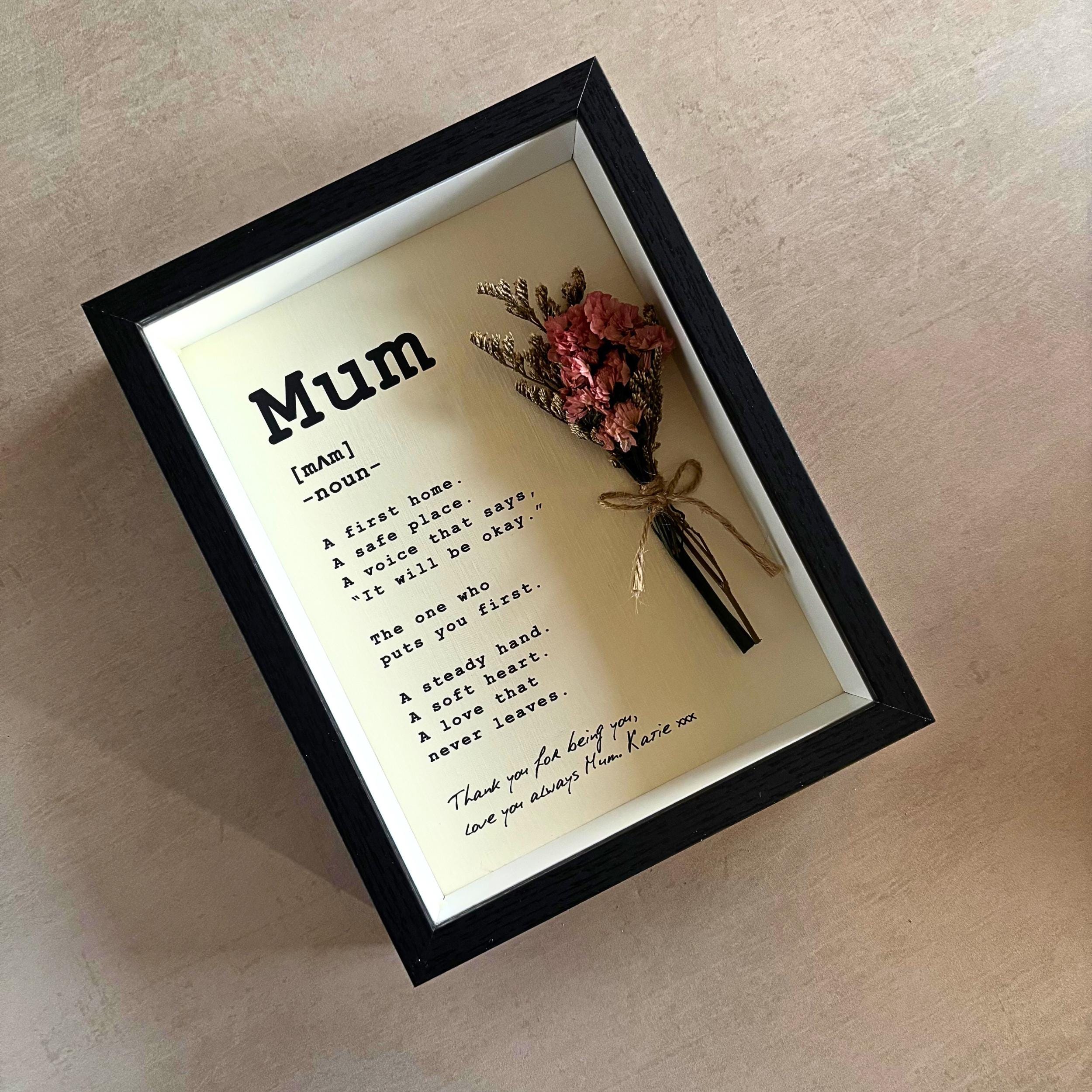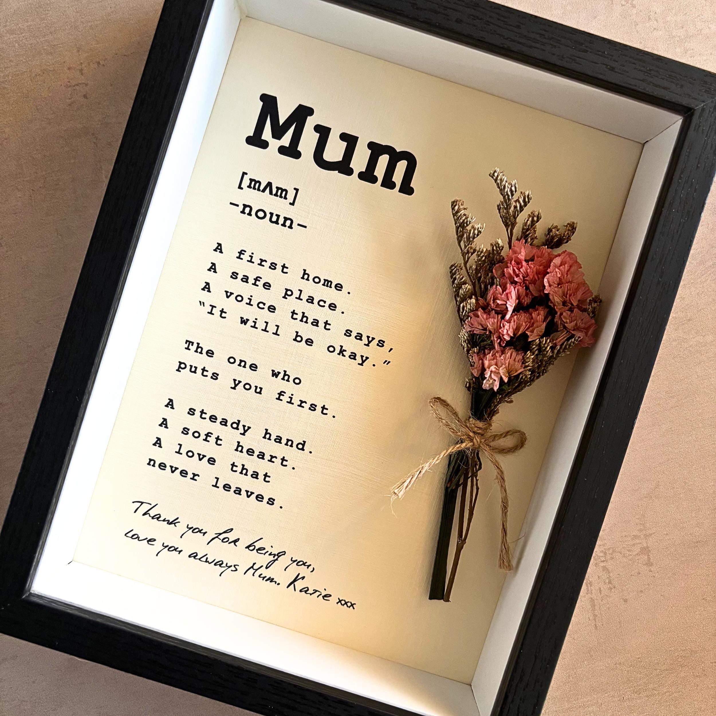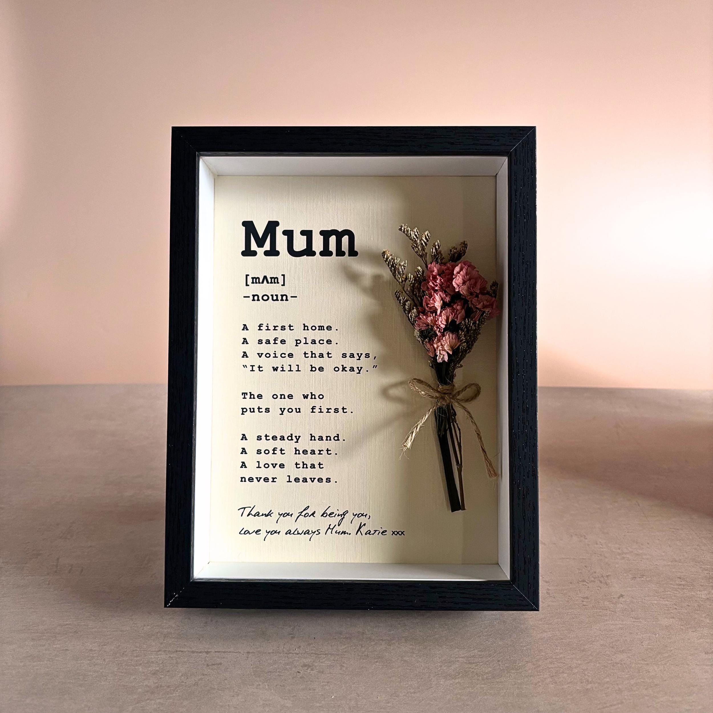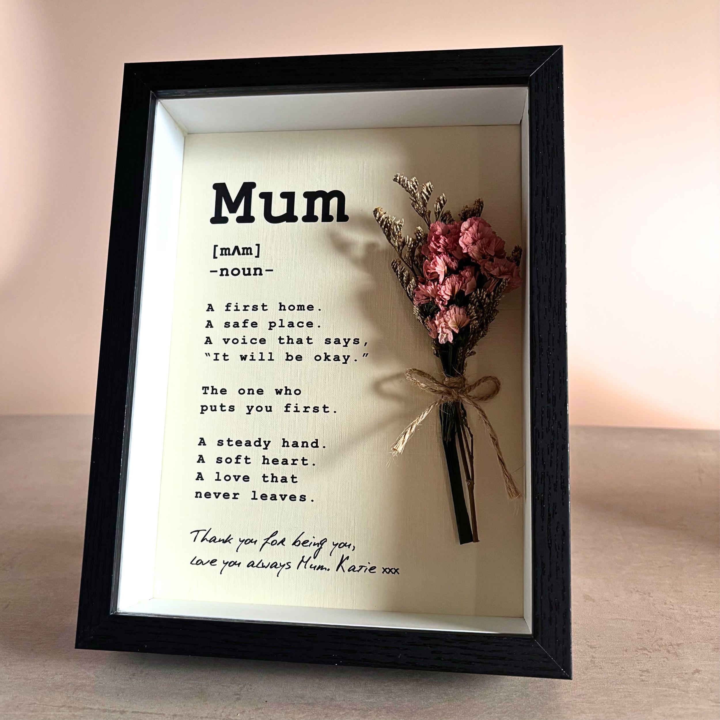 Personalised Mum Definition Frame, Framed Mothers Day Gift with Dried Flower Bouquet
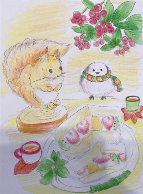 いつもお世話になってる方に差し上げた絵。甘いものと可愛い生き物の組み合わせって描くの楽しい。#色鉛筆画
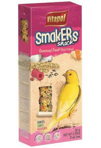 A Vitapol Smakers Prémium Dupla Rúd (gyümölcs) (2 db) 60 g termék célzottan kanárik részére készült, hogy változatosságot és szórakozást vigyen a madár étkezésébe. A rudak magvakból és szárított gyümölcsökből állnak — például sárga köles, búzaliszt, kanárimag, narancshéj, szárított málna, kókuszdió – így természetes forrásból biztosítanak vitaminokat, ásványokat és rostokat.
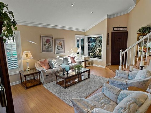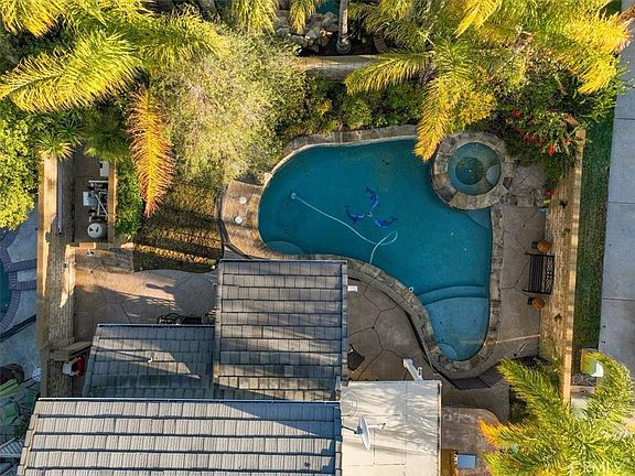 Let's talk about Curb Appeal, Curb Appeal, Curb Appeal! Corner lot location with loads of parking. Enter this beautiful, turn key, well maintained 4 bedroom 3 bath Brock Canyon home with a fully fenced, pebble tec "Private Pool & Spa" area with waterfalls. Enter your backyard oasis thru 2 areas from the home offering french doors leading to the yard with a solid patio cover, ceiling fan and built in Bar B Que area with refigerator & granite counters, pebble tek pool and spa with waterfalls and a lovely grassy area for play, solid block wall fencing as well. Home offers re-piped copper plumbing, zoned control central heat & air, newer windows (some are custom leaded glass, gorgeous) and plantation shutters. Enter the home to soaring 2 story ceilings in formal step down living and dining area. Remodeled bathrooms with beautiful newer vanities with ceramic tile, custom tile showers, newer neutral carpet in bedrooms, recessed lighting through the entire home, built in reading lights in primary bedroom. Kitchen offers granite counters, ceramic tile flooring, stainless steel appliances and refrigerator (included). Eat in kitchen which opens to family room with cozy fireplace. Formal dining & living room area with french doors which opens to backyard. Laundry area with Washer & Dryer included. Too much to list. A must see! Home is light, open and located near shopping, transportation, award winning schools, restaurants and hospital. NO MELLO ROOS....low HOA (includes community park).

### PROBLEM
Would you write out exactly the lines above, starting at the line containing "いつもお世話になってる方に差" and stopping after the line containing "A Vitapol Smakers"? Omit the pictures.

### RESPONSE TO THIS TASK
 いつもお世話になってる方に差し上げた絵。甘いものと可愛い生き物の組み合わせって描くの楽しい。#色鉛筆画
 A Vitapol Smakers Prémium Dupla Rúd (gyümölcs) (2 db) 60 g termék célzottan kanárik részére készült, hogy változatosságot és szórakozást vigyen a madár étkezésébe. A rudak magvakból és szárított gyümölcsökből állnak — például sárga köles, búzaliszt, kanárimag, narancshéj, szárított málna, kókuszdió – így természetes forrásból biztosítanak vitaminokat, ásványokat és rostokat.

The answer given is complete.